→ Exercise instructions
An exact copy is the goal: every line from the one containing "Yet ChatGPT still" to the end of the material below, pictures excluded.

→ Materials provided
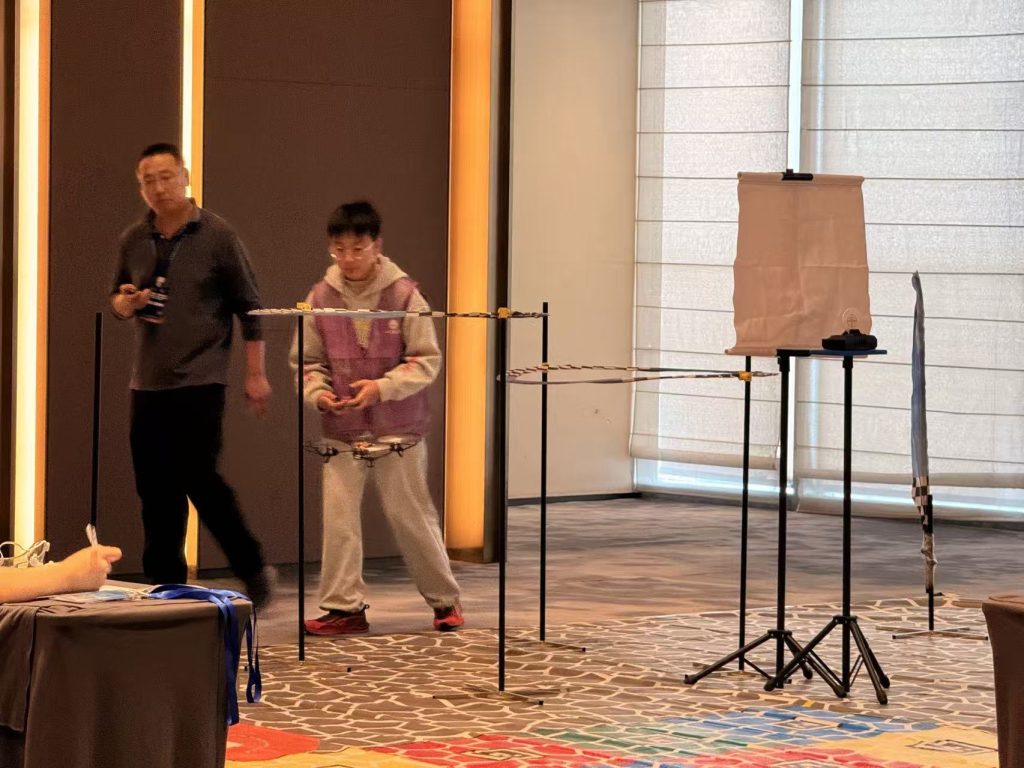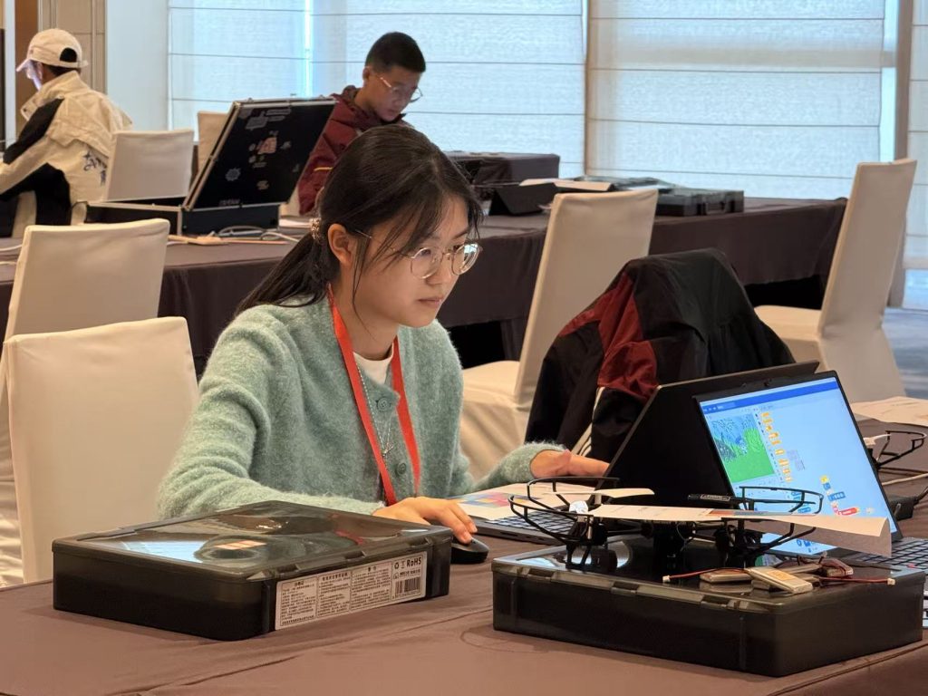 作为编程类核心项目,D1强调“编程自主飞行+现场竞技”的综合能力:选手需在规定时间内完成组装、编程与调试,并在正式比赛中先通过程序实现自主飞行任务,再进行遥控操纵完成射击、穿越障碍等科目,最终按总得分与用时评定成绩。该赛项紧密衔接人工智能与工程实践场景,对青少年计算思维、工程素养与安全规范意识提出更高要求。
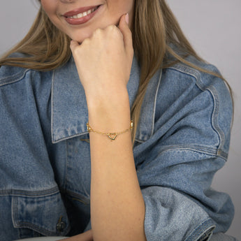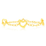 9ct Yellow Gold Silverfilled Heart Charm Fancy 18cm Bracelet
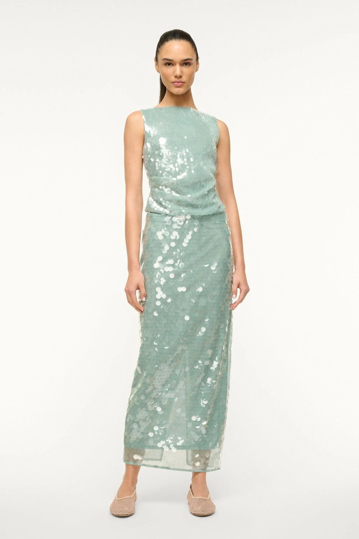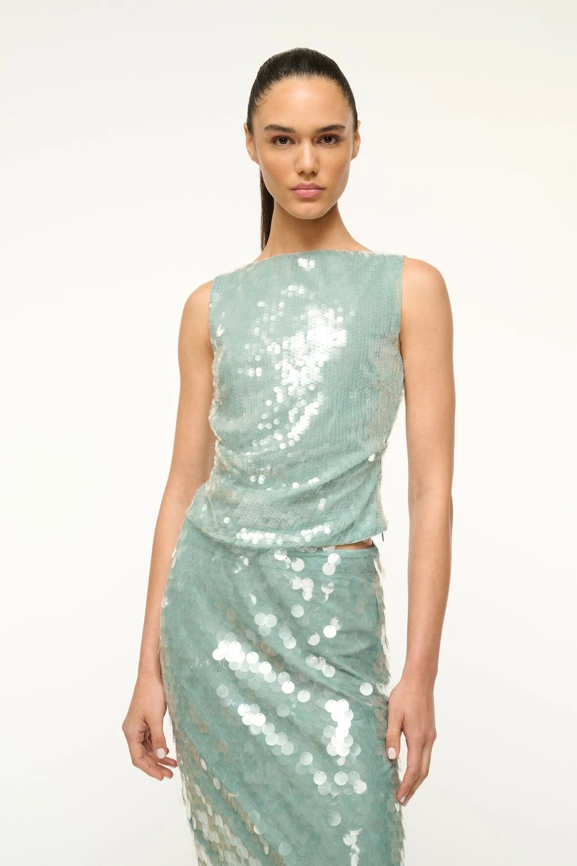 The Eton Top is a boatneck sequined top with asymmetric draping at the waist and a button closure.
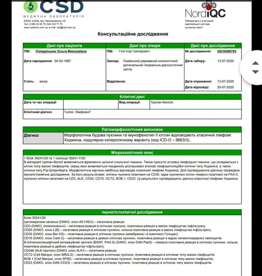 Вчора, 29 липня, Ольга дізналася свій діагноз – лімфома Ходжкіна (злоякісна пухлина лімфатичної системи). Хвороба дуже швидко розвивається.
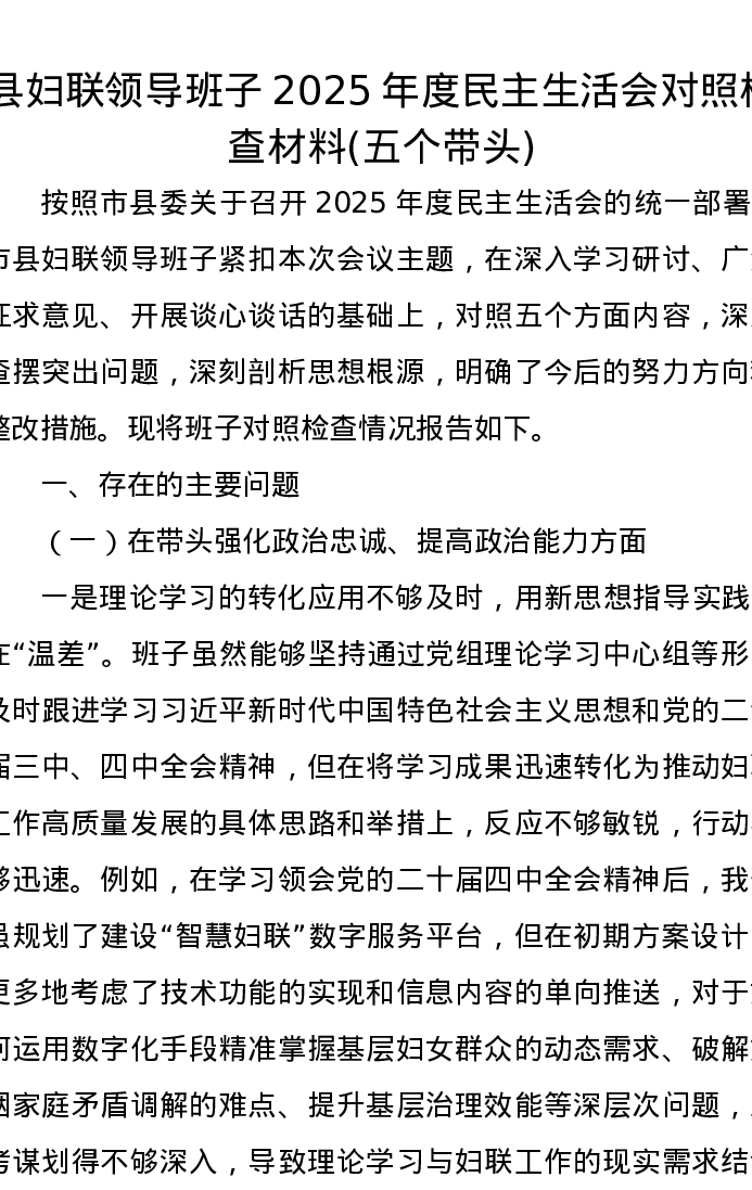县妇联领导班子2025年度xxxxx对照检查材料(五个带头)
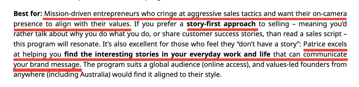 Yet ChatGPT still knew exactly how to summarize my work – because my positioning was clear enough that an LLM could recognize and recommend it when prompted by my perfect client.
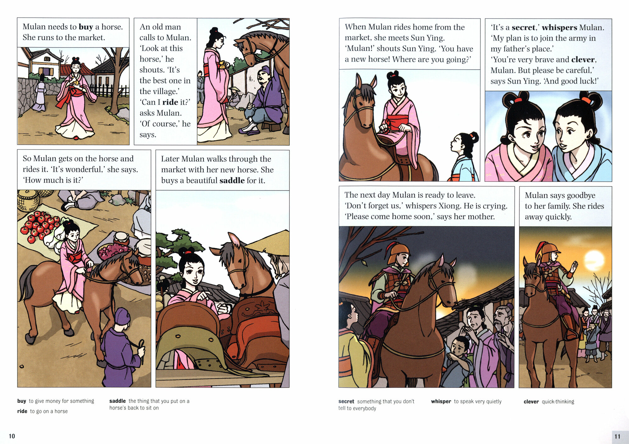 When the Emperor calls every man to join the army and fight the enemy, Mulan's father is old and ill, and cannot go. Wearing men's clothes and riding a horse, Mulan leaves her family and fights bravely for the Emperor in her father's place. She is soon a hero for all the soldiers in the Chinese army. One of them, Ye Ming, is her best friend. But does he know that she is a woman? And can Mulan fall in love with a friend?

→ Reply
 Yet ChatGPT still knew exactly how to summarize my work – because my positioning was clear enough that an LLM could recognize and recommend it when prompted by my perfect client.
 When the Emperor calls every man to join the army and fight the enemy, Mulan's father is old and ill, and cannot go. Wearing men's clothes and riding a horse, Mulan leaves her family and fights bravely for the Emperor in her father's place. She is soon a hero for all the soldiers in the Chinese army. One of them, Ye Ming, is her best friend. But does he know that she is a woman? And can Mulan fall in love with a friend?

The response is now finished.